La jeune fille fut ouvrir.

—Voici une lettre que M. le comte de Tressang envoie à mademoiselle, j’attendrai la réponse.

Louise décacheta la lettre en tremblant et lut:

«Mademoiselle,

«Vous êtes jeune, vous êtes belle, à l’âge de mon fils, moi aussi, je vous eusse adorée comme lui; mais vous êtes, m’a-t-on dit, aussi sage que belle; vous comprendrez ce que je vais vous dire. Mon fils arrive à l’âge où, avec un nom comme le sien, un mariage est nécessaire, indispensable; depuis longtemps son mariage est arrêté avec une femme qui l’aime et lui assure un heureux avenir; vos relations doivent donc cesser, pour quelque temps, au moins... Plus tard, si vous l’aimez toujours...

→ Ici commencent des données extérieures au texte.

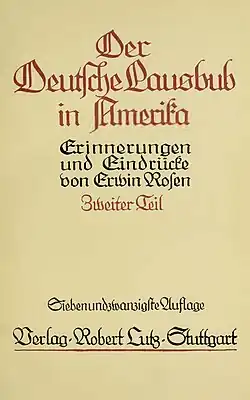 - Erwin Rosen: Der deutsche Lausbub in Amerika: Erinnerungen und Eindrücke. Teil 1. Verlag Robert Lutz, Stuttgart 1911; archive.org.

«En attendant, je vous prie de recevoir, comme témoignage de l’estime que je fais de votre caractère, le coupon de rente que je vous envoie, espérant que vous mettrez mon fils dans l’impossibilité de vous revoir, et de briser par là son existence.

«J’ai l’honneur d’être, etc.»

Un coupon de rente de 1,200 francs était, en effet, renfermé dans la lettre.

Louise ployait la lettre lentement, sans songer au domestique. Celui-ci lui dit:

—On m’a chargé, mademoiselle, d’attendre une réponse.